Gay-marriage supporters have framed the issue as a matter of equality for all families, straight or gay. Opponents say that allowing same-sex couples to wed would be a dangerous social experiment and that Maine's domestic registry law could simply be bolstered to give gays additional legal rights.

"The stakes are very high for both sides. The gay marriage community has never won at the ballot box before on a straight up-or-down vote," said Frank Schubert, who coordinated the campaign to override California's highest court and repeal gay marriage there.

Over the past five years, 26 states have passed constitutional amendments limiting marriage to a man and a woman.

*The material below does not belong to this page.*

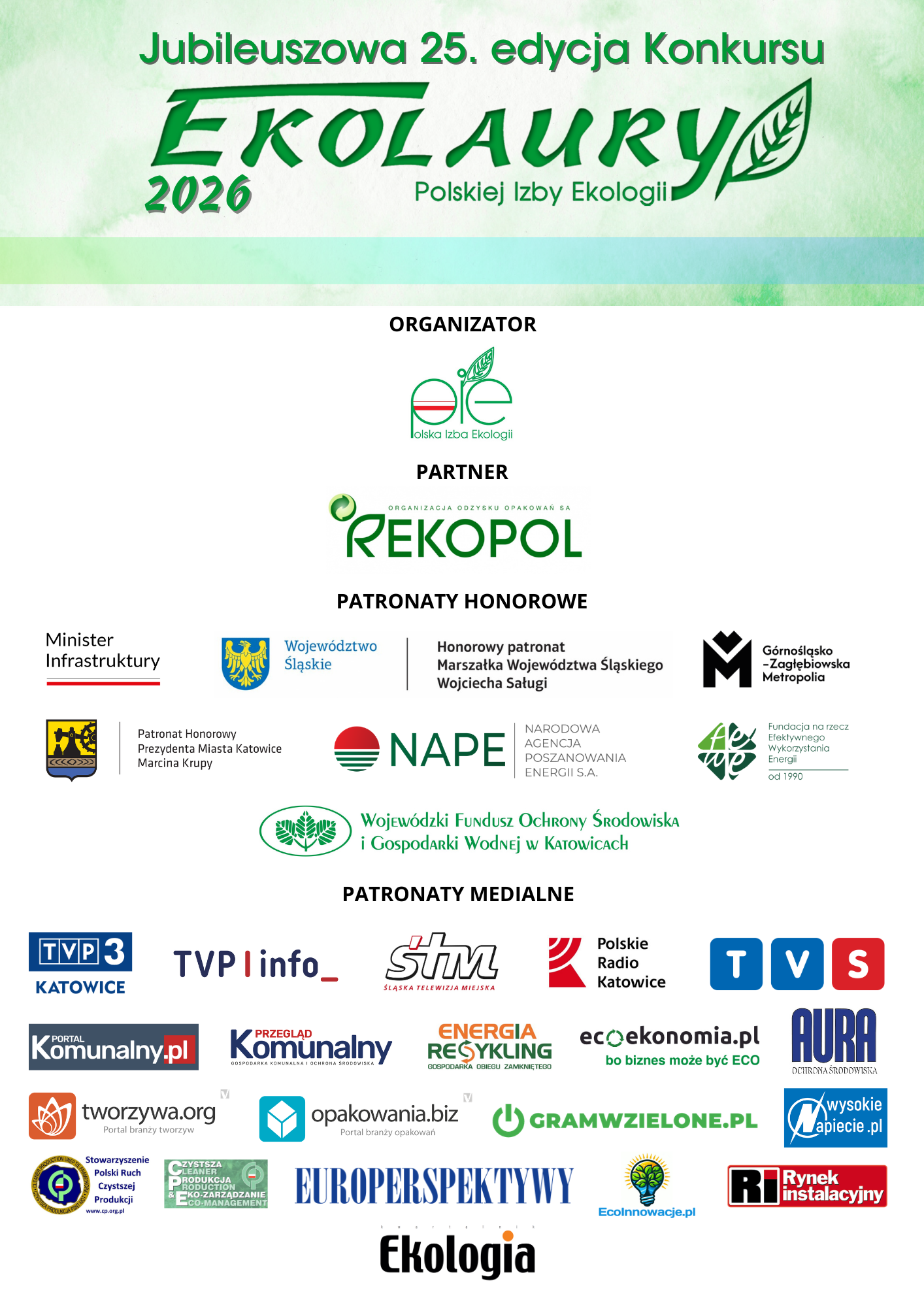 - Ekolaur XXV – lecia, przy czym dla udziału w tej kategorii Uczestnik musi spełnić łącznie następujące warunki:

The Maine law was passed by the Legislature last spring but never went into effect because of a petition drive by opponents. Five other states have legalized gay marriage: Connecticut, Massachusetts, New Hampshire and Vermont — all in New England — and Iowa. All five of them did it by way of court or legislative action, not referendums.

"California was just a dress rehearsal for Maine," said Christian Potholm, a political science professor at Bowdoin College in Brunswick.

In related action Tuesday, voters in Washington state will decide whether to expand their domestic partnership law, and people in Kalamazoo, Mich., will consider whether to prohibit discrimination against gays.

In Portland, boisterous supporters of gay marriage — many of them students — far outnumbered the other side at the University of Southern Maine debate last week.

Enthusiasm for gay marriage has swept the campus, said Leigh Charest, 19. "People feel it's right and they want to do as much as they can," Charest said.

In addition to reaching out to young people, gay-marriage defenders have tried to make the campaign about the "Maine values" of personal freedom — the flinty, just-let-me-be attitude embodied by Maine's rugged lobstermen, loggers and outdoorsmen.

The pro-gay-marriage side has "very adeptly said this is not a campaign about telling people what they have to do. It's about allowing people the independence to do what they want to do. That's a basic, firm Maine value," said Sandy Maisel, director of the Goldfarb Center for Public Affairs and Civic Engagement at Colby College in Waterville.

Philip Spooner, an 87-year-old World War II medic and ambulance driver, became an Internet sensation thanks to his testimony in favor of gay marriage at a public hearing.

On the video, viewed more than a half-million times on YouTube, the retired truck driver and laundry operator and lifelong Republican from Biddeford said he raised four boys — three straight, one gay — and expected them to be treated the same.

"It takes all kinds of people to make the world go," he said. "It doesn't make sense that some people who love each other can marry and others can't, just because of who they are. This is what we fought for in World War II, that idea that we can be different and still be equal."

As in California, the National Organization for Marriage has been a major contributor, funneling $1.5 million to those fighting same-sex marriage in Maine.

The New Jersey-based organization has come under fire for refusing to release the names of its contributors as required by Maine law, saying the measure violates the First Amendment. The state ethics commission is investigating.